When people ask what kind of dog Mom and Dad have, their first response is "dachshund." When they're met with a puzzled look in return, Mom and Dad's second response is "weiner dog," and the questioner's eyes always light up.
I'd argue that Bratwurst would be more apt, for two reasons: 1) it's German, like me, and 2) I'm becoming quite a little brat. It all started when we moved to New York. Dad stays home with me all day, and sometimes he'll be on an important-looking phone call or typing frantically on the computer, meaning he isn't devoting one hundred percent of his attention to ME. To rectify this, I have a plethora of tricks up my sleeve: tap dance around at his feet until he grows tired of my shuffling and picks me up, torment the cats until he decides to rescue them and pick me up, and let out one shrill yap to let him know I'm there, waiting to be picked up.

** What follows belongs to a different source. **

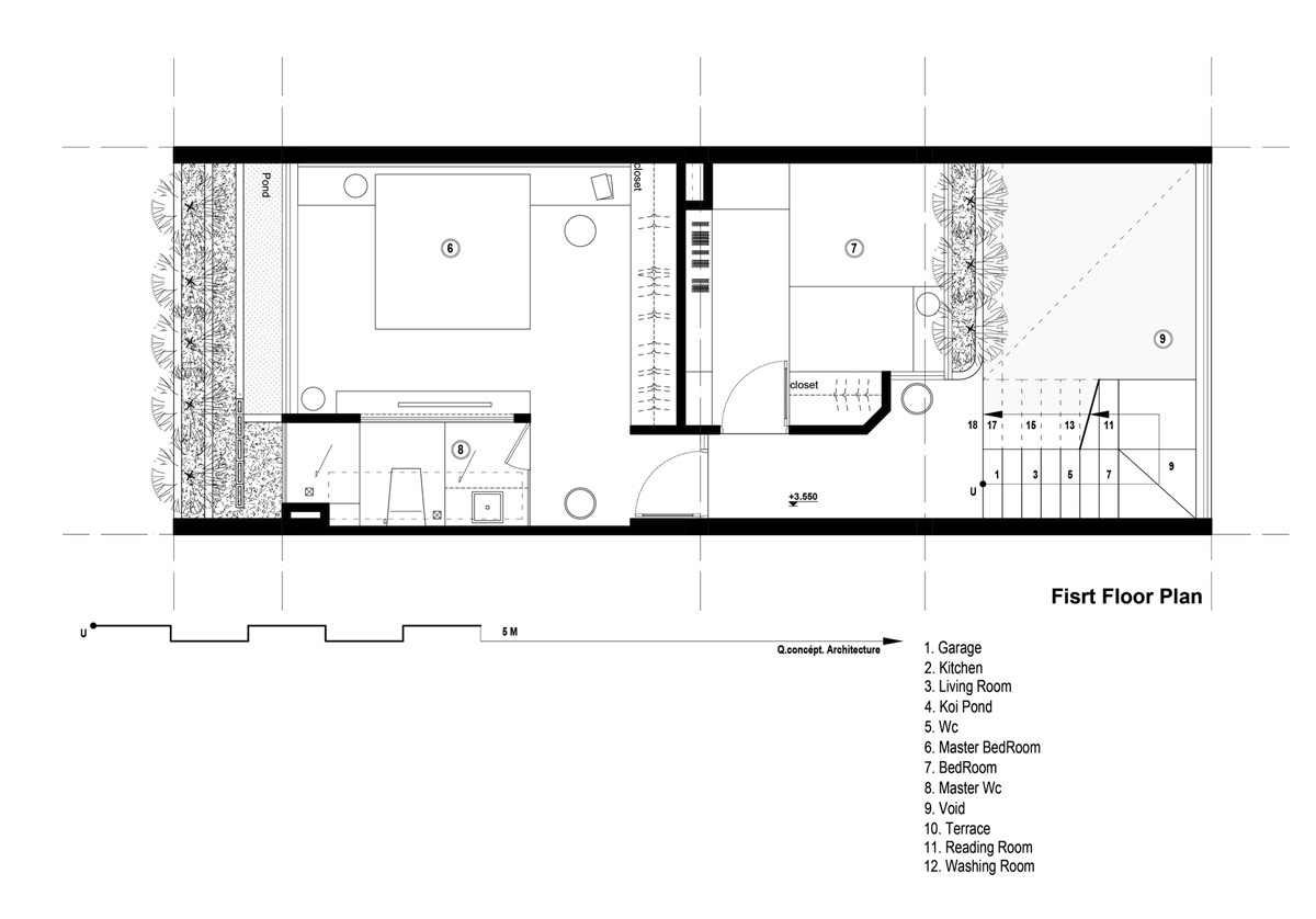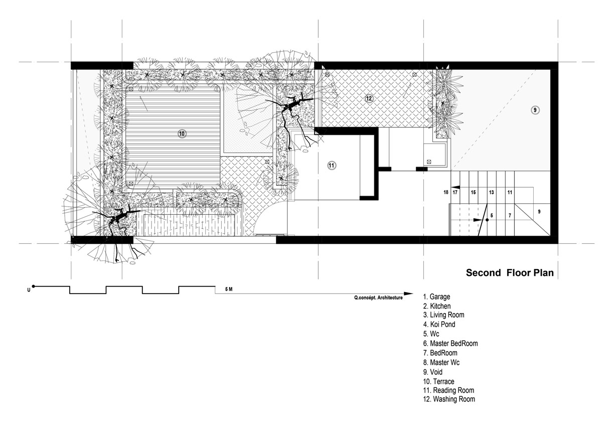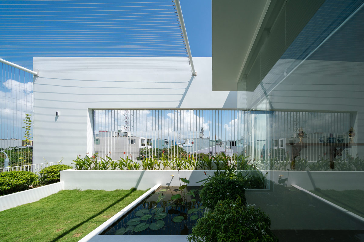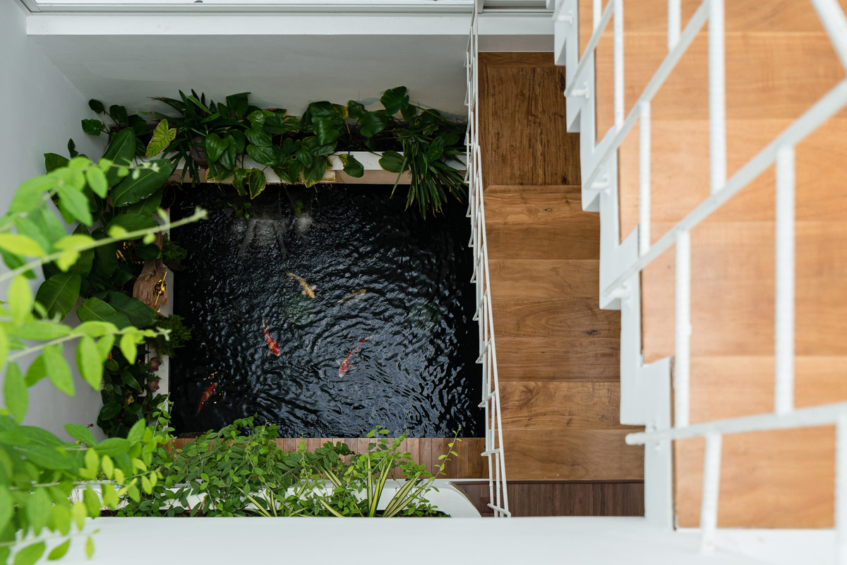 Крытая палуба пересекает зону отдыха и крытый пруд с карпами. Домовладельцы сформировали концепцию этого дома с любовью к природе, растениям и рыбам. До этого места пара жила в крошечных студиях, что делало их несчастными. На этот раз они были полны решимости реализовать дом, полный света и воздуха, место с естественной атмосферой, которое они могли бы назвать своим домом. Архитекторы использовали местные материалы и нейтральные цвета, чтобы завершить видение.

Some of these techniques are more effective than others (the latter takes the longest, and hence is only reserved for extreme cases, because he scolds me, I run under the couch and hide, and then he feels guilty and coaxes me out), but in the end, I always end up on his lap.
When Dad has to move, say, to use the bathroom, my brattiness is unfurled like ticker-tape at a parade: I growl at him. But I need to work on my ferociousness, because he just laughs at me.